È l'anno in cui Pirro, chiamato dai Greci di Sicilia, partì per la prima volta dall'Italia. A questa partenza precedettero trattative che pare fossero state iniziate da F. stesso prima del suo consolato l'anno precedente, dopo la sconfitta dei Romani ad Ascoli di Puglia. Le trattative fallirono per ciò che riguarda la conclusione di pace e di alleanza. Tale fallimento fu determinato dalle promesse dei Cartaginesi anche più che dall'opposizione di Appio Claudio Cieco (v. claudio cieco). Le notizie circa queste trattative, ricchissime di aneddotí in cui viene esaltata la rettitudine di F., sembrano accennare a un contrasto tra la politica di Fabrizio tendente alla pace e quella di Appio tendente alla guerra. Comunque, dopo la partenza di Pirro la guerra continuò, senza che se ne conoscano esattamente i particolari, e F. trionfò secondo i Fasti sui Lucani, Bruzî, Tarentini e Sanniti. Poi si sa di F. soltanto che fu censore nel 275 insieme con quel Q. Emilio Papo che era stato suo collega in entrambi i consolati, il che presuppone tra F. ed Emilio relazioni approssimativamente simili a quelle che corsero tra Catone il censore e L. Valerio Flacco. Di questa censura non si ha che la notizia sulla rimozione dal senato di Publio Cornelio Rufino colpevole di possedere troppo vasellame d'argento.
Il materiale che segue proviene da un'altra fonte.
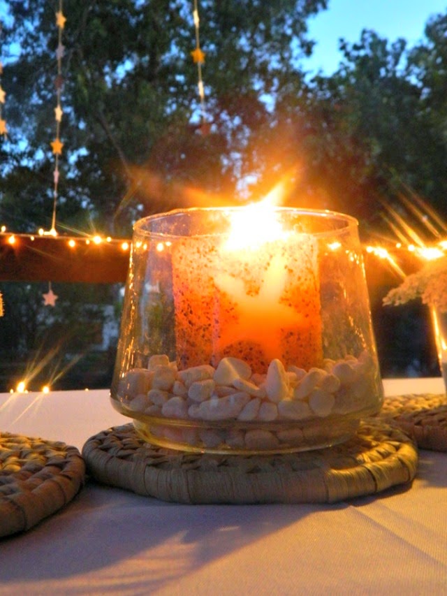 Obviamente no podían faltar las luces de navidad. Me gustan de forma desmesurada las guirnaldas de luces y las he usado en proyectos que nada tienen que ver con la navidad. Ya confesé sin reparos que las uso durante todo el año. Sin embargo, tengo mis limitaciones estéticas en este terreno. Siempre elijo las luces de arroz con el cable menos llamativo que sea posible. Entre la gran variedad de propuestas comerciales, hay de todos los tamaños, colores y formas imaginables. Mis preferidas siguen siendo las clásicas luces blancas y con ellas adornamos la baranda de madera de la pérgola que reciclamos el diciembre pasado. También hice un símbolo de la paz para Camilo, que sigue en modo hippie desde la fiesta de fin de curso del jardín, para la cual se disfrazó al mejor estilo Lennon. Nada más, toda nuestra decoración fue reciclada o hecha a mano.

In sostanza F. non pare né militarmente né politicamente una figura eminente. Ma gli aneddoti mostrano che il ricordo di questo plebeo, come quello di Manio Curio Dentato, sopravviveva soprattutto per l'onestà e semplicità antica di cui lo si considerava come tipico esempio.
Bibl.: B. Niese, in Hermes, XXXI (1906), p. 185 segg.; J. Beloch, Griech. Gesch., 2ª ed., IV, i, Berlino 1925; pp. 545, 551; id., Röm. Gesch., Berlino 1926, pp. 461, 485; G. De Sanctis, St. dei Rom., II, Torino 1907, pp. 379, 404, 411; F. Münzer, in Pauly-Wissowa, Real-Encycl., VI, col. 1951 segg.